All entries below are to be reproduced precisely as they stand, without the pictures.

-------- SOURCE DATA

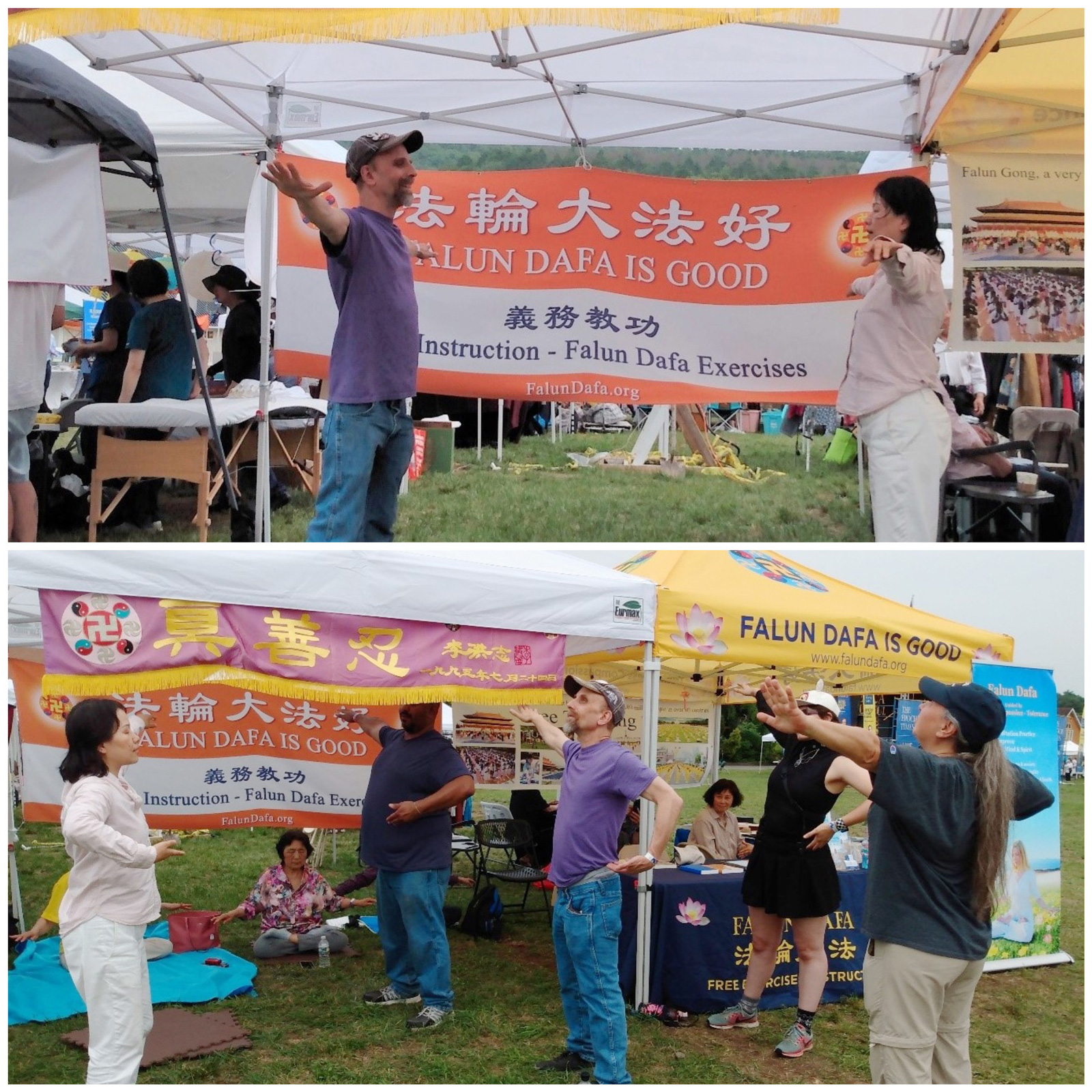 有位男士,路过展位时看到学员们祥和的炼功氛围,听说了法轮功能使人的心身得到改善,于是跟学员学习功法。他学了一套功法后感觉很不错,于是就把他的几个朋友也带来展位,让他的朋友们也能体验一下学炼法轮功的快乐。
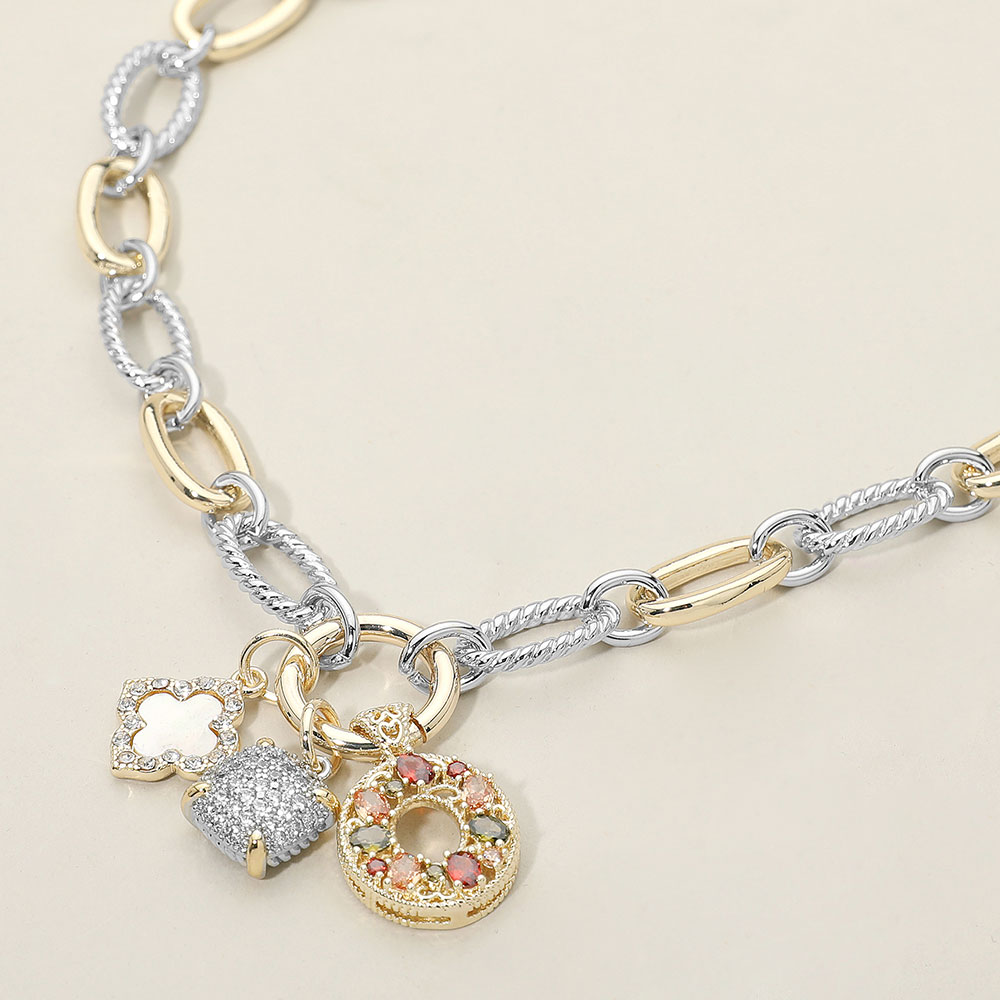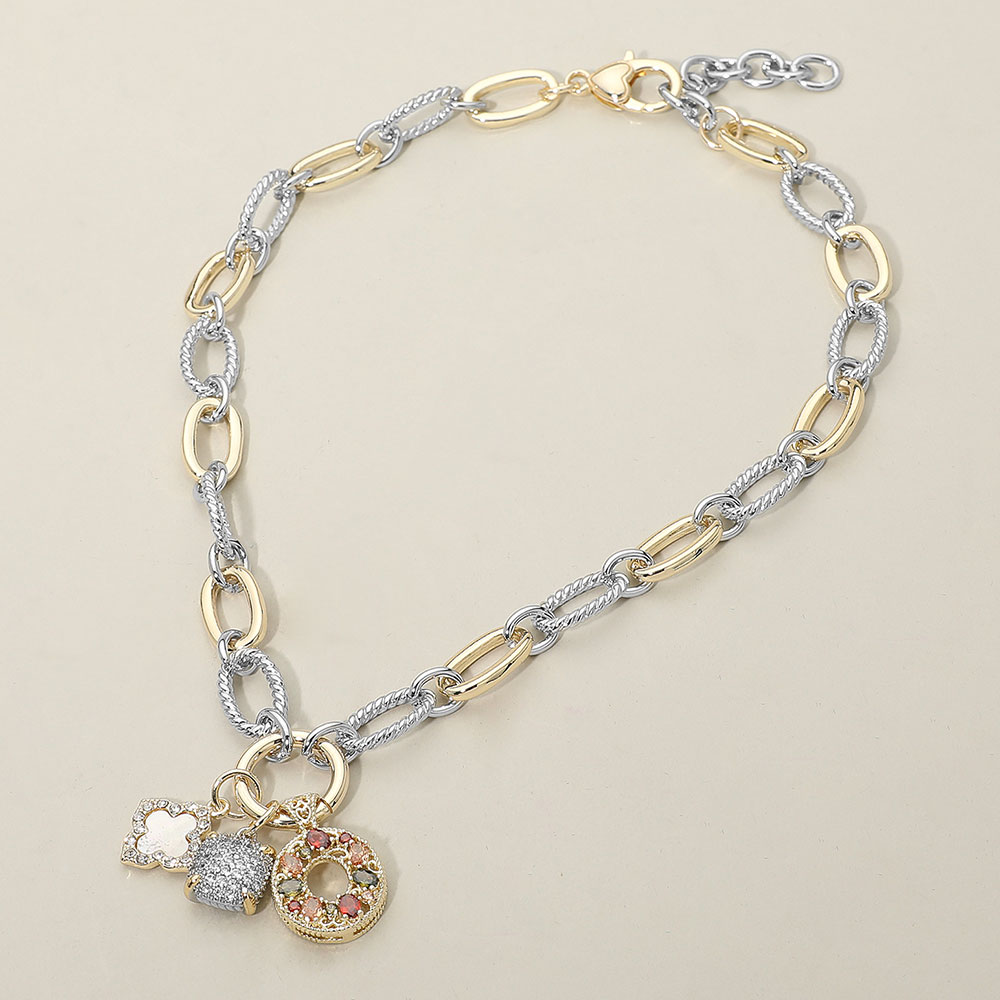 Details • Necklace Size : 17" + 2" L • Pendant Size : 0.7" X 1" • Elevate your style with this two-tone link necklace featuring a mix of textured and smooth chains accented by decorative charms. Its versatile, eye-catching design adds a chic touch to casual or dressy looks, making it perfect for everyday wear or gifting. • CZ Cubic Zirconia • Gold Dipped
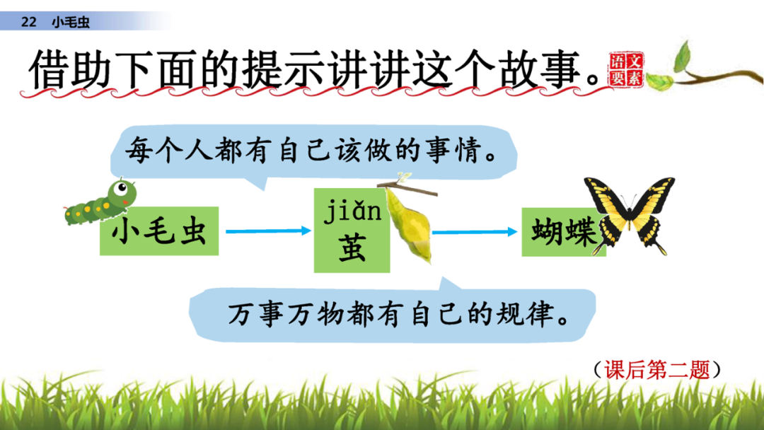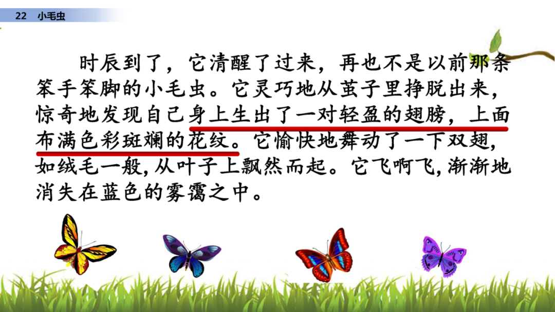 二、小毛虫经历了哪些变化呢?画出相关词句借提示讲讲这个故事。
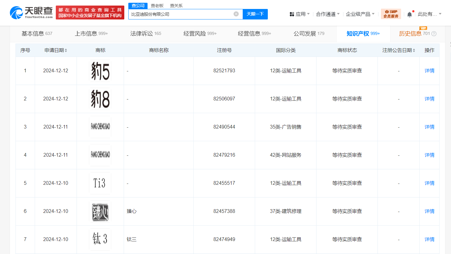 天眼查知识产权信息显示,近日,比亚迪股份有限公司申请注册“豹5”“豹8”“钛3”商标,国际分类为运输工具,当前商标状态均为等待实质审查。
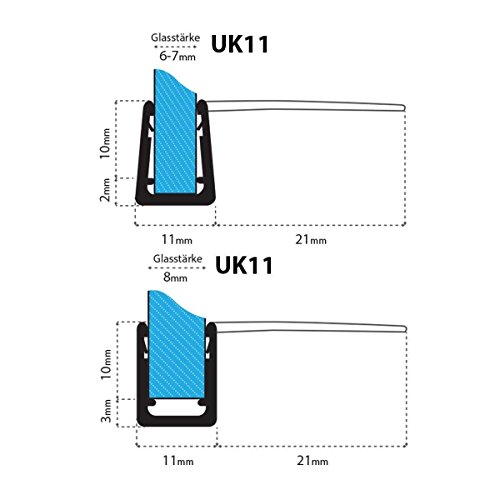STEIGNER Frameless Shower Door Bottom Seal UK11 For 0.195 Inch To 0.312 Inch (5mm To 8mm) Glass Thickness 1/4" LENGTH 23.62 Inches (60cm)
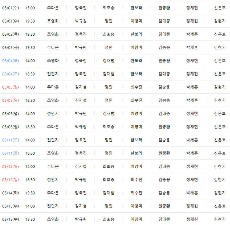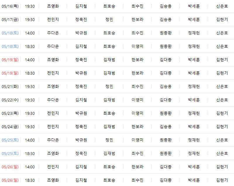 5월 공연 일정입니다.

----------------

**SOLVED PROBLEM:**
 有位男士,路过展位时看到学员们祥和的炼功氛围,听说了法轮功能使人的心身得到改善,于是跟学员学习功法。他学了一套功法后感觉很不错,于是就把他的几个朋友也带来展位,让他的朋友们也能体验一下学炼法轮功的快乐。
 Details • Necklace Size : 17" + 2" L • Pendant Size : 0.7" X 1" • Elevate your style with this two-tone link necklace featuring a mix of textured and smooth chains accented by decorative charms. Its versatile, eye-catching design adds a chic touch to casual or dressy looks, making it perfect for everyday wear or gifting. • CZ Cubic Zirconia • Gold Dipped
 二、小毛虫经历了哪些变化呢?画出相关词句借提示讲讲这个故事。
 天眼查知识产权信息显示,近日,比亚迪股份有限公司申请注册“豹5”“豹8”“钛3”商标,国际分类为运输工具,当前商标状态均为等待实质审查。
STEIGNER Frameless Shower Door Bottom Seal UK11 For 0.195 Inch To 0.312 Inch (5mm To 8mm) Glass Thickness 1/4" LENGTH 23.62 Inches (60cm)
 5월 공연 일정입니다.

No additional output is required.